# EVMC conversion cost



## Halu (Feb 16, 2018)

Hello everyone, I was thinking about buying an electric car but then I found out about diy conversions. I want to convert an old sports bike, I would want it to have a top speed of 45, range of 25-30 miles. I mostly would be doing 30mph. I weigh 145lbs, Having batteries sticking out everywhere is something I would not want. can this be done for $2500? not including the cost of the motorcycle.
If so, what parts would you recommend? Also, is it better to get a larger cc donor bike for battery storage?


----------



## Kevin Sharpe (Jul 4, 2011)

Halu said:


> can this be done for $2500? not including the cost of the motorcycle.


You can buy a new bike from China for $2,999 that will exceed your requirements... here's one example from eBay;

https://www.ebay.com/itm/R8-Ninja-2...069584?hash=item1c9cff6d10:g:FrcAAOSwyP5aS~0W


----------



## Halu (Feb 16, 2018)

I kind of wanted to make it myself, and buying something from china doesnt sit well with me. I also had plans on later upgrading components. (right now i am biking to school and work, so 2 month shipping time would probably be longer than it would take to build my own ev.) 
How are dirtbikes for converting? I would assume lithium is the only option due to space.

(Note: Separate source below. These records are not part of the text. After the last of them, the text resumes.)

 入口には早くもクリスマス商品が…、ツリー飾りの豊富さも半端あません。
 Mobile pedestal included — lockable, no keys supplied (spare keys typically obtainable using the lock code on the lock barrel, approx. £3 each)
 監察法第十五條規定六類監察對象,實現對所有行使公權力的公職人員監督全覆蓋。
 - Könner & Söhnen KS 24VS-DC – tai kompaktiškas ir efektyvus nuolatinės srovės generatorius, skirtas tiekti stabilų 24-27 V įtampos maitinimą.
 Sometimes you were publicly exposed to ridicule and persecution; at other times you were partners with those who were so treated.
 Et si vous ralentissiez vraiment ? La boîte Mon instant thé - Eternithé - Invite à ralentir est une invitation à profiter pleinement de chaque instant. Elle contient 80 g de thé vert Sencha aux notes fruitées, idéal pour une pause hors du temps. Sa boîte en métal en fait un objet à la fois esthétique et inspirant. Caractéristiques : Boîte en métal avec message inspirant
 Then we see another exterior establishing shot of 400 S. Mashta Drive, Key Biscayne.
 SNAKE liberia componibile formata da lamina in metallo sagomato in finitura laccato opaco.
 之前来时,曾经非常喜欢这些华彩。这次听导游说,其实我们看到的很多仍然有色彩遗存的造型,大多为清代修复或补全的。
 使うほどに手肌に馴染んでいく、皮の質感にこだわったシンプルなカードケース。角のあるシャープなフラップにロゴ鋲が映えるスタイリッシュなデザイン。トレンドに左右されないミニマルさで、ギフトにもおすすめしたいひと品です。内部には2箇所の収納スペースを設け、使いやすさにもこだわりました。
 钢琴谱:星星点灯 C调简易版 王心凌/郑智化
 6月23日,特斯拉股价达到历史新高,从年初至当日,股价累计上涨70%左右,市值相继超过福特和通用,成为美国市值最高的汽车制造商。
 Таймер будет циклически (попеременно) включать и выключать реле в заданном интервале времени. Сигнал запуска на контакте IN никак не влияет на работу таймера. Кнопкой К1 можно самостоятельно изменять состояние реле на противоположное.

Thank you for the recommendation though.


----------



## Functional Artist (Aug 8, 2016)

It can be done for under $2,500.00 

My DIY electric motorcycle conversion cost me ~$1,500.00

I found a used 1980 Kawasaki 440 LTD ~$100.00


I used ALL new parts for the electrical propulsion system

Motor (Manta) ~$500.00
...48V 8,000W

Speed controller (Kelly) ~$350.00
...72V 550A

Contactor (Kelly) ~$75.00
...48V 400A

Batteries (Harbor Freight) ~$280.00
...(4) 12V 35AH SLA (Universal Solar Batteries)

The rest was for misc. stuff cables, fuses, nuts, bolts etc.

Check it out
https://www.youtube.com/watch?v=NdwRuXyiqms


----------